Transcribe each line below verbatim; pictures excluded.

DATASET EXTRACT
┏━━

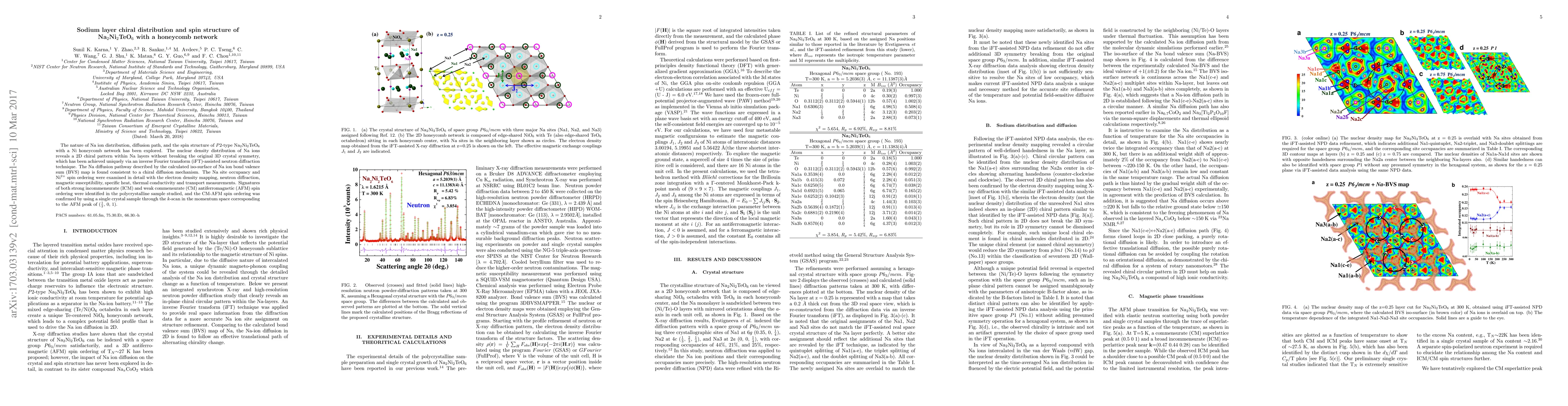 The nature of Na ion distribution, diffusion path, and the spin structure of $P2$-type Na$_2$Ni$_2$TeO$_6$ with a Ni honeycomb network has been explored. The nuclear density distribution of Na ions reveals a 2D chiral pattern within Na layers without breaking the original 3D crystal symmetry, which has been achieved uniquely via an inverse Fourier transform (iFT)-assisted neutron diffraction technique. The Na diffusion pathway described by the calculated iso-surface of Na ion bond valence sum (BVS) map is found consistent to a chiral diffusion mechanism. The Na site occupancy and Ni$^{2+}$ spin ordering were examined in detail with the electron density mapping, neutron diffraction, magnetic susceptibility, specific heat, thermal conductivity and transport measurements. Signatures of both strong incommensurate (ICM) and weak commensurate (CM) antiferromagnetic (AFM) spin ordering were identified in the polycrystalline sample studied, and the CM-AFM spin ordering was confirmed by using a single crystal sample through the $k$-scan in the momentum space corresponding to the AFM peak of ($\frac{1}{2}$, 0, 1).
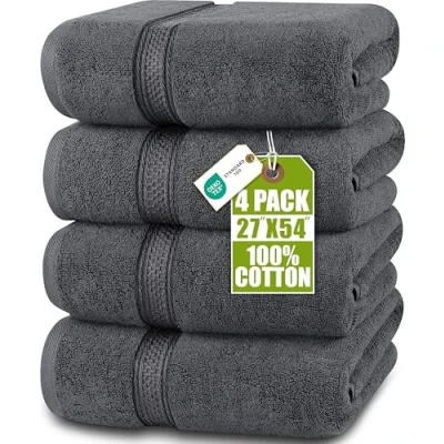 Set of 4- The set contains four 600 GSM premium bath towels measuring 27 by 54 inches each. These truly luxurious towels come in a variety of beautiful colors to complement with any home, dorm or hotel bathroom Premium Quality Construction- Woven with 100% ring spun cotton that are supremely soft and breathable while being sturdy and durable enough to withstand every day usage Versatile- The terry towel material allows for maximum absorbency making it perfect for poolside, bathroom, beach, salon, spa or gyms. The set fulfills your basic bathroom drying needs. Ideal Washing Temperature: Wash the towels at around 30 degrees to preserve them for a long time and keep them soft. Soft And Absorbent- Our 600GSM high density towels are soft, ultra-absorbent and possess fast drying characteristic. Enjoy the comfort of enveloping yourself in these bath towels, drying off your hands or face after a shower or a regular wash
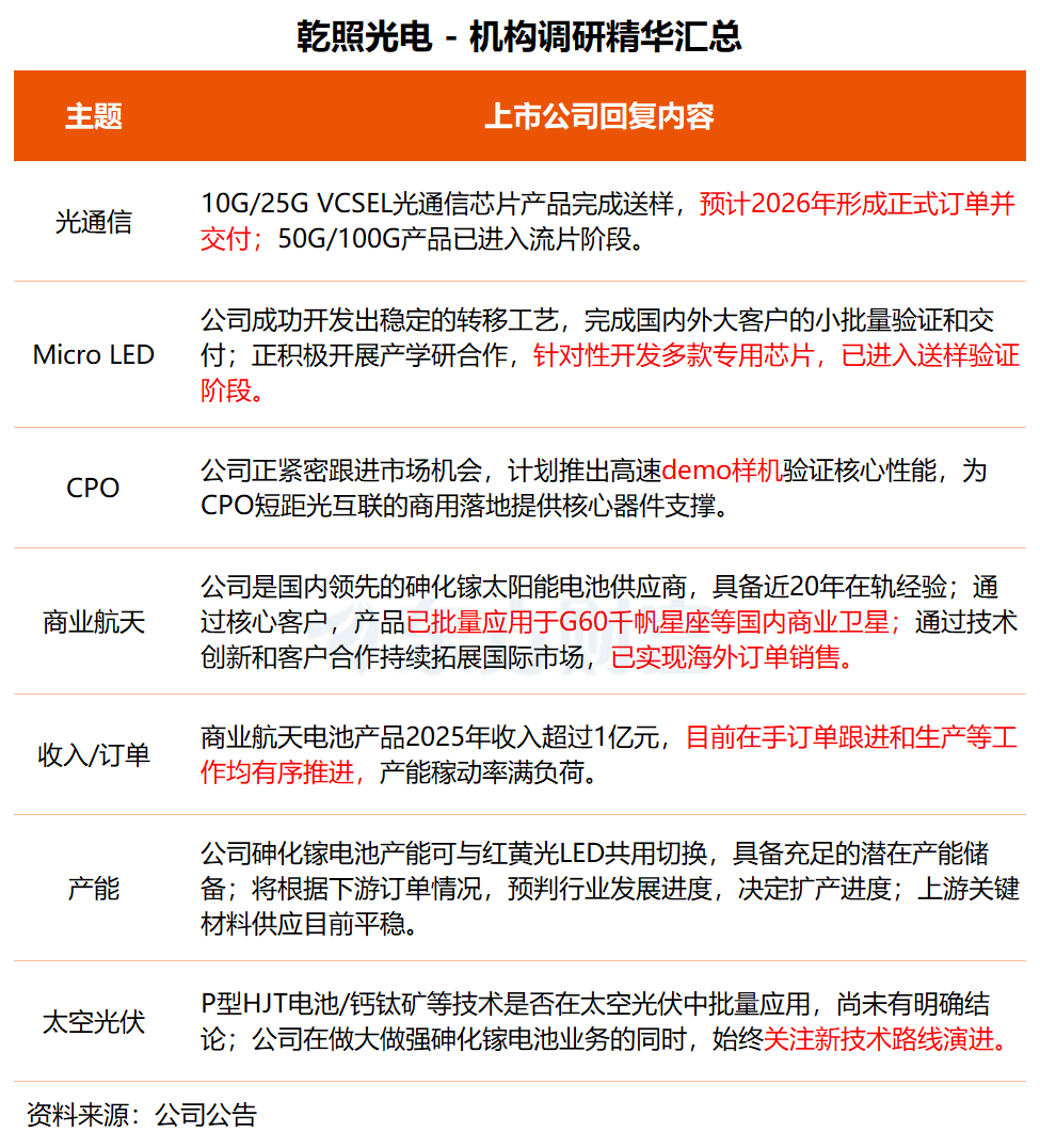 另据介绍,2025年,公司商业航天电池产品收入超过1亿元,目前在手订单跟进和生产等工作均有序推进,产能稼动率满负荷;目前暂没有钙钛矿电池相关布局。公司将积极把握商业航天市场机遇,优化砷化镓电池生产效率。

┗━━

YOUR SOLUTION
 The nature of Na ion distribution, diffusion path, and the spin structure of $P2$-type Na$_2$Ni$_2$TeO$_6$ with a Ni honeycomb network has been explored. The nuclear density distribution of Na ions reveals a 2D chiral pattern within Na layers without breaking the original 3D crystal symmetry, which has been achieved uniquely via an inverse Fourier transform (iFT)-assisted neutron diffraction technique. The Na diffusion pathway described by the calculated iso-surface of Na ion bond valence sum (BVS) map is found consistent to a chiral diffusion mechanism. The Na site occupancy and Ni$^{2+}$ spin ordering were examined in detail with the electron density mapping, neutron diffraction, magnetic susceptibility, specific heat, thermal conductivity and transport measurements. Signatures of both strong incommensurate (ICM) and weak commensurate (CM) antiferromagnetic (AFM) spin ordering were identified in the polycrystalline sample studied, and the CM-AFM spin ordering was confirmed by using a single crystal sample through the $k$-scan in the momentum space corresponding to the AFM peak of ($\frac{1}{2}$, 0, 1).
 Set of 4- The set contains four 600 GSM premium bath towels measuring 27 by 54 inches each. These truly luxurious towels come in a variety of beautiful colors to complement with any home, dorm or hotel bathroom Premium Quality Construction- Woven with 100% ring spun cotton that are supremely soft and breathable while being sturdy and durable enough to withstand every day usage Versatile- The terry towel material allows for maximum absorbency making it perfect for poolside, bathroom, beach, salon, spa or gyms. The set fulfills your basic bathroom drying needs. Ideal Washing Temperature: Wash the towels at around 30 degrees to preserve them for a long time and keep them soft. Soft And Absorbent- Our 600GSM high density towels are soft, ultra-absorbent and possess fast drying characteristic. Enjoy the comfort of enveloping yourself in these bath towels, drying off your hands or face after a shower or a regular wash
 另据介绍,2025年,公司商业航天电池产品收入超过1亿元,目前在手订单跟进和生产等工作均有序推进,产能稼动率满负荷;目前暂没有钙钛矿电池相关布局。公司将积极把握商业航天市场机遇,优化砷化镓电池生产效率。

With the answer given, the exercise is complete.